The 2018 World Cup in Russia is underway, and this year, the on-field refs will have some help to offset human error with the goal of preventing bad calls.
In March, the FIFA Council approved the use of Video Assistant Referees. This team of 13 refs will be based in control rooms in the soccer stadiums and will monitor 33 video feeds, some of which operate in super-slow motion. The VAR will help make decisions on difficult calls in “match-changing” situations. These are incidents that have the potential to change the outcome of the game, depending on the ref’s call.
Tim Ouillette, an assistant teaching professor at Northeastern, said that part of the reason FIFA is implementing VAR technology in the World Cup this year is to bolster fans’ faith in the referee system. This is important, given the mishaps that occurred at the 2014 World Cup, which included missed penalty calls and offside confusion that cost Colombia a goal.

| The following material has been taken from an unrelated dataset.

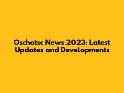 Oschotsc News 2023: Latest Updates And Developments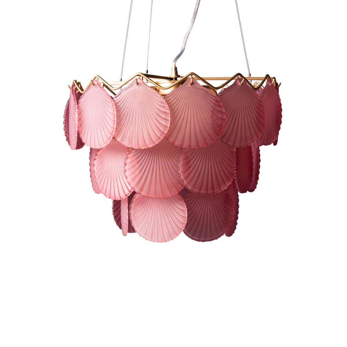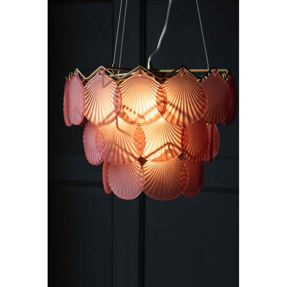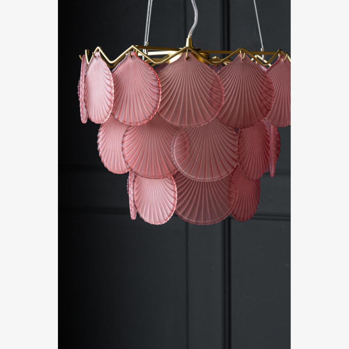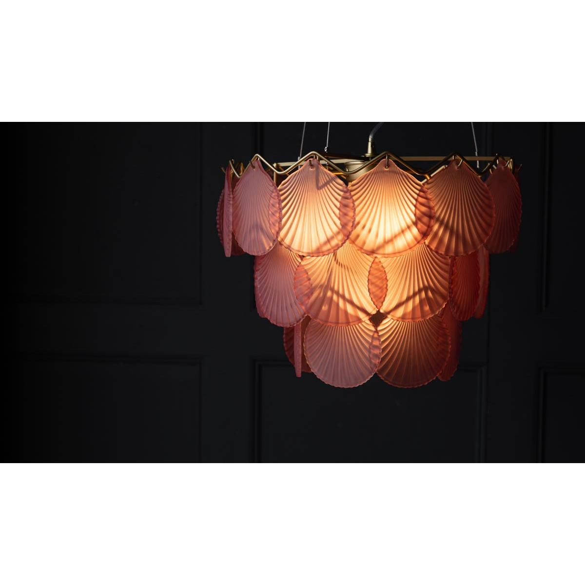 About The Pink Shell Ceiling Light Jane and Lucy are always searching for fabulous ceiling lights and were thrilled to discover the Pink Glass Shell Ceiling Light. It's hard to find lights that look as good switched off as they do when switched on but this design is the perfect example, combining drama and atmosphere to beautiful effect. The pink shell ceiling light reveals pretty pale pink glass discs designed in the style of a shell and pairs this with a classic brass finish chandelier frame. Please note that the pink shell chandelier requires five 3W Max G9 capsule bulbs and measures 40cm in diameter. Why We Think You’ll Love The Pink Shell Pendant Light This glamorous pink and gold pendant light takes inspiration from nature and has a vintage feel that makes it the perfect modern heirloom piece. Introducing soft light, the pendant can be used as a main chandelier light in the room and works well with a dimmer switch for a subtle glow and beautiful shell-shaped reflections. How To Style The Pink Shell Glass Chandelier “The stunning pink shell ceiling light has a fabulous vintage feel that is ideal for the hallway, bedroom or a dressing room. I love the idea of styling this light as a fantastic showstopper piece in a white room to really steal the show and command attention. Alternatively, the shell chandelier would look wonderfully decadent in a feminine floral wallpapered room to add a billowy glow when the light is switched on!" Lucy St George

“FIFA is trying to legitimize themselves, reclaim the ethos of credibility, and make the right call,” said Ouillette, who is a filmmaker and videography expert.

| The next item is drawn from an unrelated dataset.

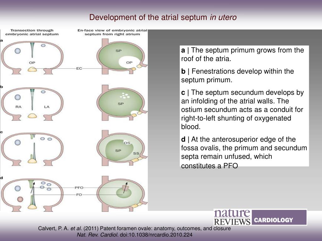 a| The septum primum grows from the roof of the atria. b| Fenestrations develop within the septum primum. c| The septum secundum develops by an infolding of the atrial walls. The ostium secundum acts as a conduit for right-to-left shunting of oxygenated blood. d| At the anterosuperior edge of the fossa ovalis, the primum and secundum septa remain unfused, which constitutes a PFO Development of the atrial septum in utero Calvert, P. A. et al. (2011) Patent foramen ovale: anatomy, outcomes, and closure Nat. Rev. Cardiol. doi:10.1038/nrcardio.2010.224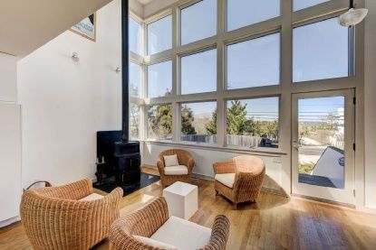 Sunny skies and smooth sailing ahead when you're on the decks of this bright and airy oceanfront beach house! Spacious decks provide views galore of both Moriches Bay and Atlantic Ocean from the lower level to the top floor's spacious loft and master bedroom suite. Two additional bedrooms and full bathroom on the lower level, both offering room for large gatherings and entertaining. The ground level has an impressive floor to ceiling wall of g

This isn’t the first time video technology has sought to change the game for sporting events. Raymond Fu, an engineering professor at Northeastern, noted that even more advanced video systems are already used in other sports.
For example, machine learning algorithms and video processing are used in tennis to measure the speed of a serve, said Fu, who holds joint appointments in the College of Engineering and the College of Computer and Information Science.

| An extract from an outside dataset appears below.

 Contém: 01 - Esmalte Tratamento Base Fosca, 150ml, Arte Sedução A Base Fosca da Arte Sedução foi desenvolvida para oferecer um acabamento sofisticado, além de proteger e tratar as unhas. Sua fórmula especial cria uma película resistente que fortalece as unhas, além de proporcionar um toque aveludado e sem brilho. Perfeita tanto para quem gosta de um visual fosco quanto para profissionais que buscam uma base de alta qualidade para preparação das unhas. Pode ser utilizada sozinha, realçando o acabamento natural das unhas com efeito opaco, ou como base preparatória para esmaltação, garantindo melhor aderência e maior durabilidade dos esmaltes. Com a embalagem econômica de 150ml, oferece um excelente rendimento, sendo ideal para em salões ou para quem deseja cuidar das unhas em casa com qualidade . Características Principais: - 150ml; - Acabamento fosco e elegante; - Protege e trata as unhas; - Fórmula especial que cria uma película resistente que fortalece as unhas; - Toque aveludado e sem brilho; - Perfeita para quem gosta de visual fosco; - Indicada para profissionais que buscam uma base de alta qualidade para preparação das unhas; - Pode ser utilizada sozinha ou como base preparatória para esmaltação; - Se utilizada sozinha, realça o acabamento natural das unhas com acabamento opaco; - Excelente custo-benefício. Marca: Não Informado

The algorithm is able to recognize what’s happening in the game and learn about players based on the speed with which they hit the ball and where it is placed on the court. Referees can use the video as a reference system, reviewing plays from multiple angles. For players, algorithms offer predictions and strategies based on the system’s analysis of the tennis ball’s speed and accuracy.
Could this type of artificial intelligence be used by refs to analyze soccer plays? Not yet. According to Fu, it would take much more computational power to apply the same machine learning technology to games in real-time.
“I don’t imagine even the most advanced technology could achieve performance results that recognize events and human activities in real-time,” Fu said.
Soccer is an inherently fast-paced sport with many moving pieces, Fu said, which is why making accurate calls can be such a challenge.
“You’re talking about a group of humans playing together, not just one person—and they may have very different juxtaposed speeds,” said Fu. “Even following the ball is tricky because it could be anywhere on the field.”